→ **REQUIRED ACTION**
Reproduce, word for word, the lines in the material below starting with the one that has "China, celadon glazed" and going on through the one that has "カラフルなふきだしのイラストセット 文字入り". Leave out all pictures.

→ **THE DATA**

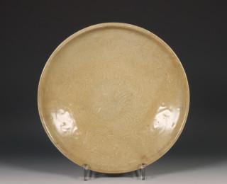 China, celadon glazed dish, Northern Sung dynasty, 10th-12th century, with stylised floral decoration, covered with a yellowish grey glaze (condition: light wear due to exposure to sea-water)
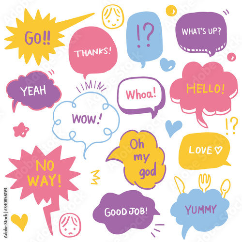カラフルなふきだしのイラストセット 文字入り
--
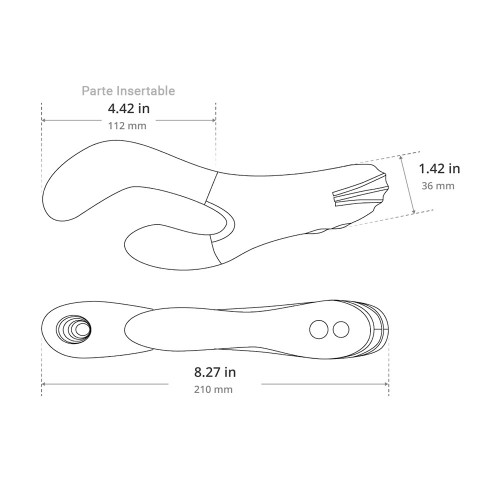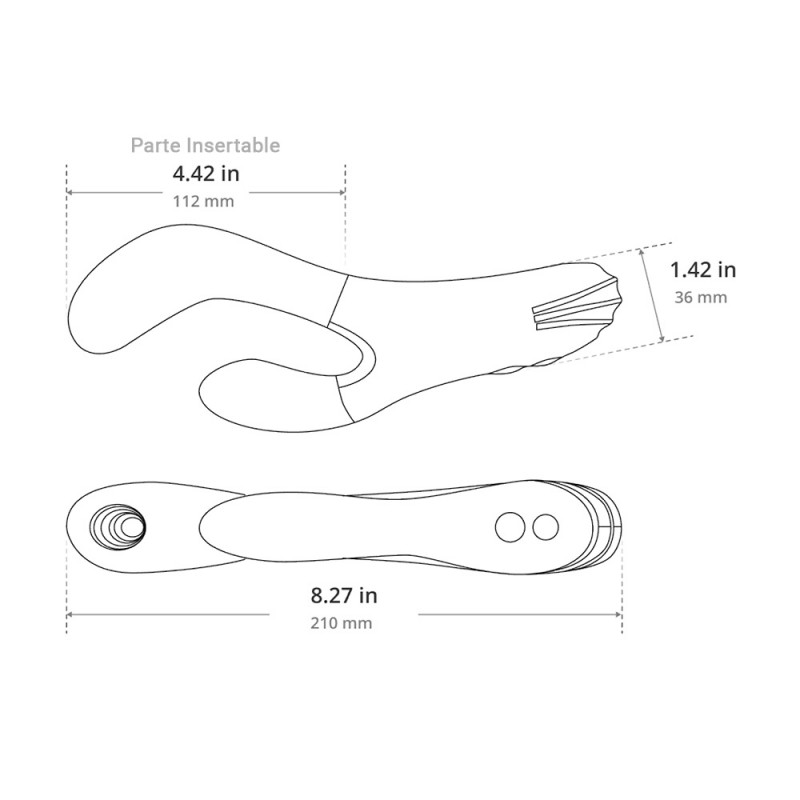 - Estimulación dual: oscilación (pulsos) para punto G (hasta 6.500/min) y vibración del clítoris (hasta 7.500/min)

→ **RESPONSE TO THIS TASK**
 China, celadon glazed dish, Northern Sung dynasty, 10th-12th century, with stylised floral decoration, covered with a yellowish grey glaze (condition: light wear due to exposure to sea-water)
カラフルなふきだしのイラストセット 文字入り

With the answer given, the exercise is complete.